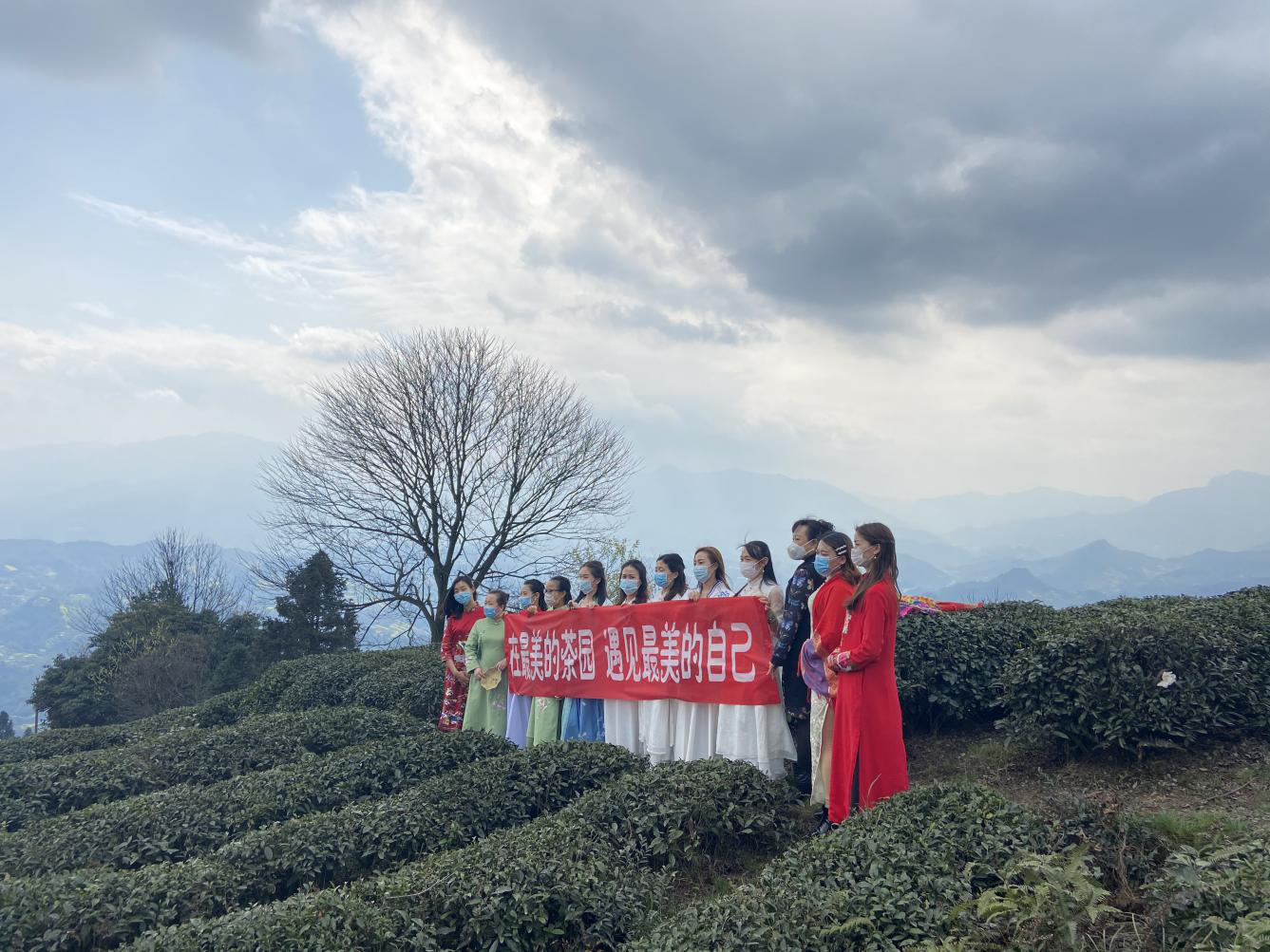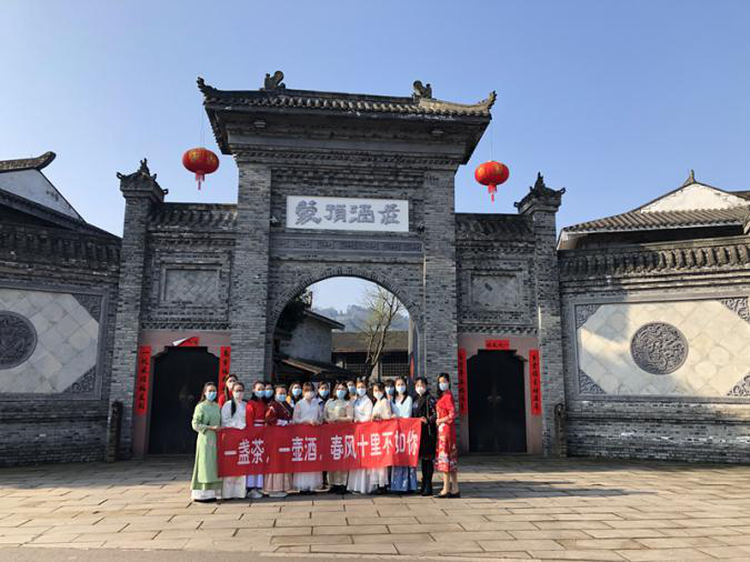 蒙頂皇茶團隊全體女士著盛裝,在接受了公司男同事代表祝福后,整隊前往蒙頂酒莊,學習酒文化、交流個性化定制業(yè)務。
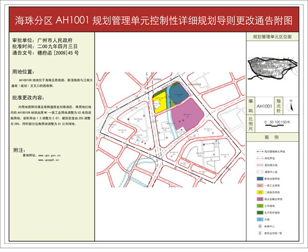 海珠分区AH1001规划管理单元(中国电信广州数据中心用地)控制性详细规划导则更改
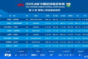 體育資訊04月03日訊 中國(guó)足協(xié)公布中超第4輪裁判安排,本輪中超裁判仍無麥麥提江和唐順齊。
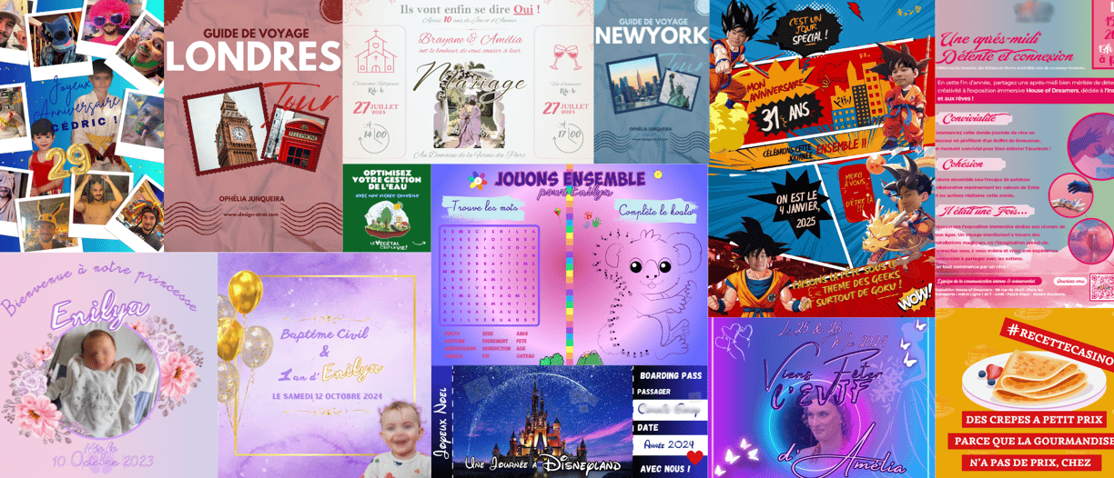 Dans un monde où chaque événement mérite d'être célébré de manière unique, il est primordial de disposer de matériel personnalisé qui reflète vos goûts et votre style. Grâce à mes services de création, je vous propose une gamme variée d'options telles que la réalisation de faire-part, d'invitations, d'affiches, de flyers, et de cartes d'anniversaire. Chacun de ces éléments est conçu sur mesure afin de répondre à vos besoins spécifiques et de marquer les esprits.
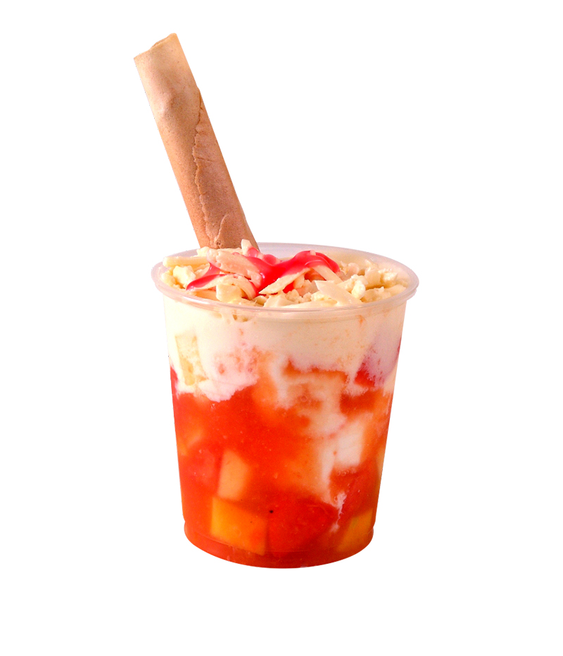 Mango, fresa, banano, papaya, manzana, kiwi, queso, crema chantilly, yogurt, salsas, 1 bola de helado de su elección.
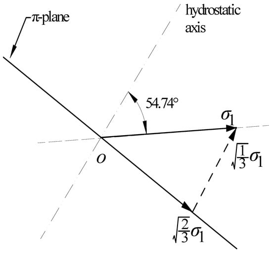 Figure 4 depicts the representation of the principal stress projected onto the π-plane. Based on Figure 3 and Figure 4, the principal stress at position D can be determined with the following calculations:
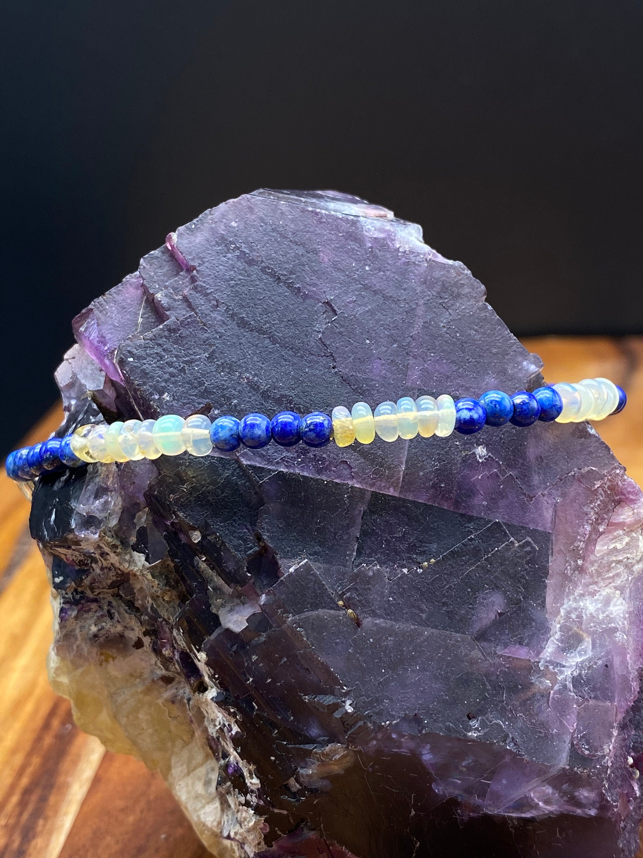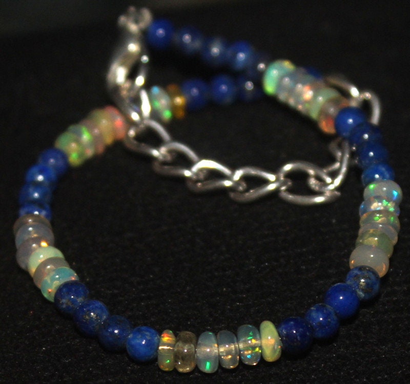 This bracelet is made of high-quality materials. The Ethiopian Welo Broad flash/Pinfire Opal & Lapis Lazuli are natural and untreated and the extra links and clasp are made of solid 925 sterling silver.
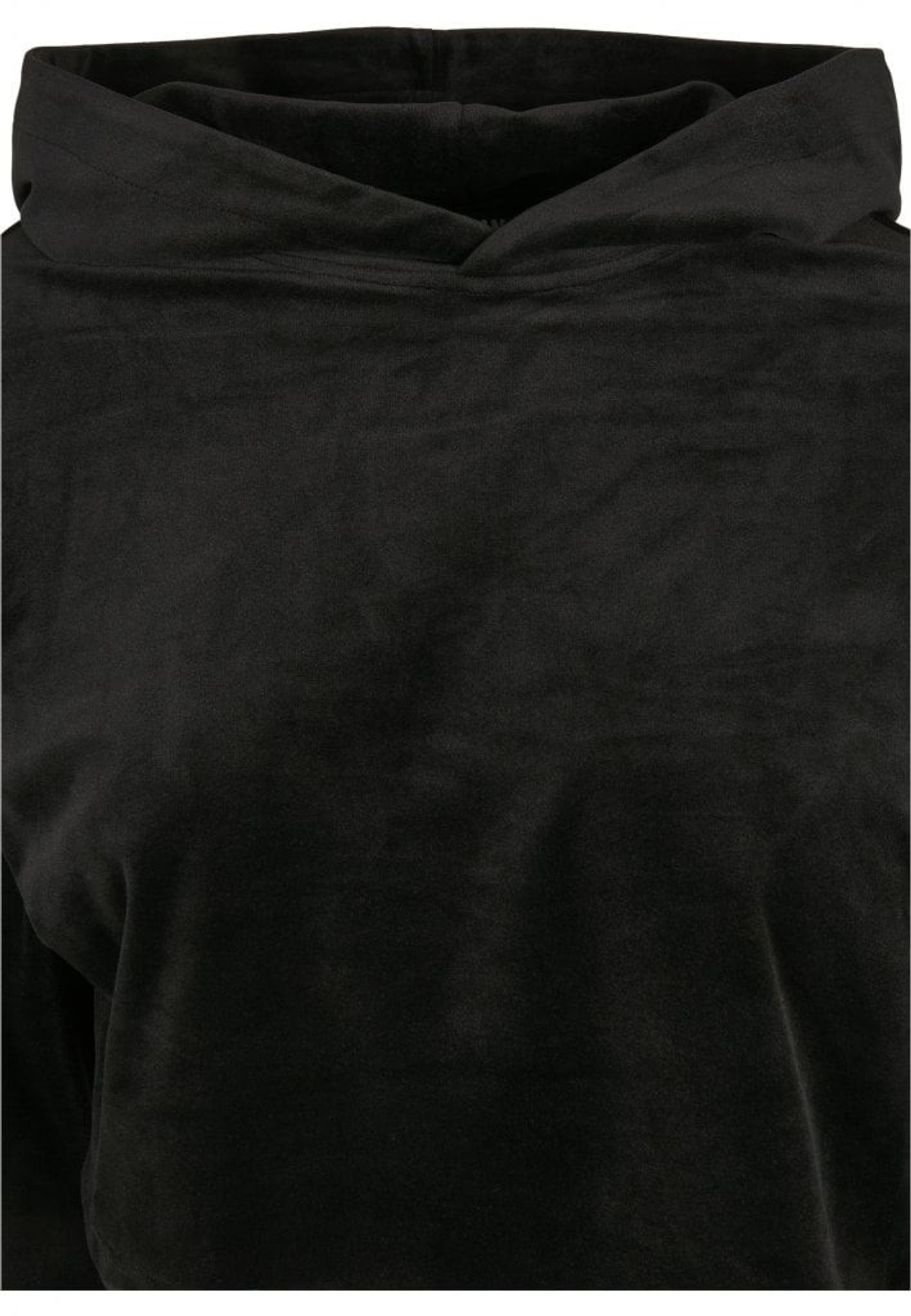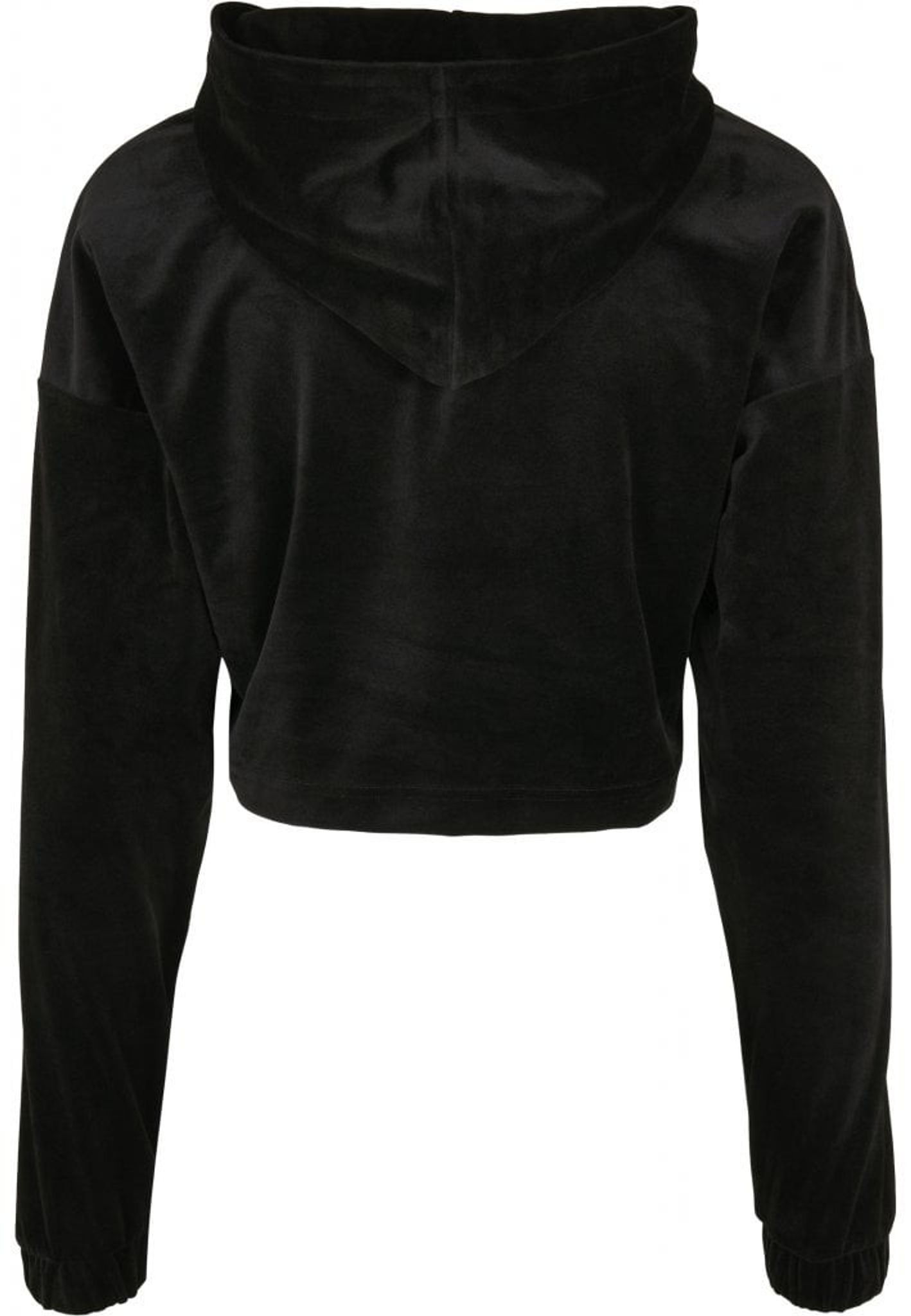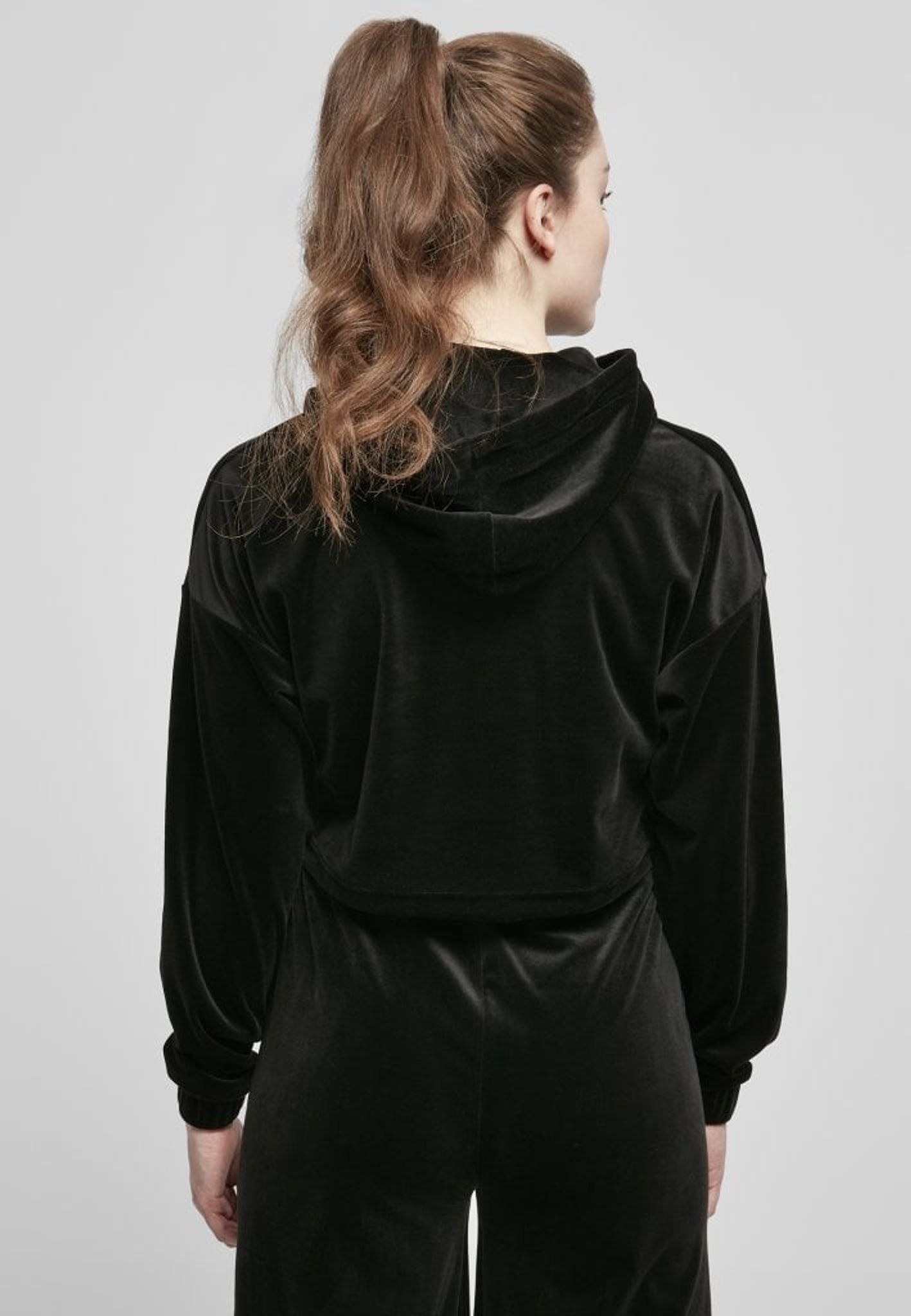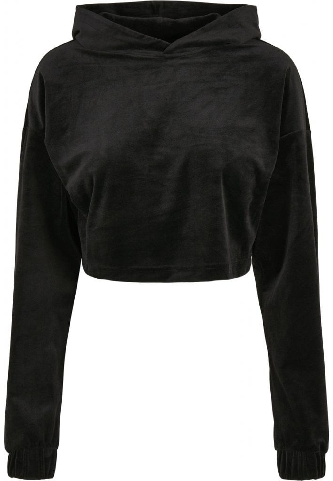 Hoodien är i slät strech sammet och gjord i en kort modell. Huvtröjan har kraftiga ärmslut med elastisk mudd.

++++

* **WHAT NEEDS TO BE DONE**
Write the records out again in full, exactly, and skip every picture.

* **WRITTEN SOLUTION**
 蒙頂皇茶團隊全體女士著盛裝,在接受了公司男同事代表祝福后,整隊前往蒙頂酒莊,學習酒文化、交流個性化定制業(yè)務。
 海珠分区AH1001规划管理单元(中国电信广州数据中心用地)控制性详细规划导则更改
 體育資訊04月03日訊 中國(guó)足協(xié)公布中超第4輪裁判安排,本輪中超裁判仍無麥麥提江和唐順齊。
 Dans un monde où chaque événement mérite d'être célébré de manière unique, il est primordial de disposer de matériel personnalisé qui reflète vos goûts et votre style. Grâce à mes services de création, je vous propose une gamme variée d'options telles que la réalisation de faire-part, d'invitations, d'affiches, de flyers, et de cartes d'anniversaire. Chacun de ces éléments est conçu sur mesure afin de répondre à vos besoins spécifiques et de marquer les esprits.
 Mango, fresa, banano, papaya, manzana, kiwi, queso, crema chantilly, yogurt, salsas, 1 bola de helado de su elección.
 Figure 4 depicts the representation of the principal stress projected onto the π-plane. Based on Figure 3 and Figure 4, the principal stress at position D can be determined with the following calculations:
 This bracelet is made of high-quality materials. The Ethiopian Welo Broad flash/Pinfire Opal & Lapis Lazuli are natural and untreated and the extra links and clasp are made of solid 925 sterling silver.
 Hoodien är i slät strech sammet och gjord i en kort modell. Huvtröjan har kraftiga ärmslut med elastisk mudd.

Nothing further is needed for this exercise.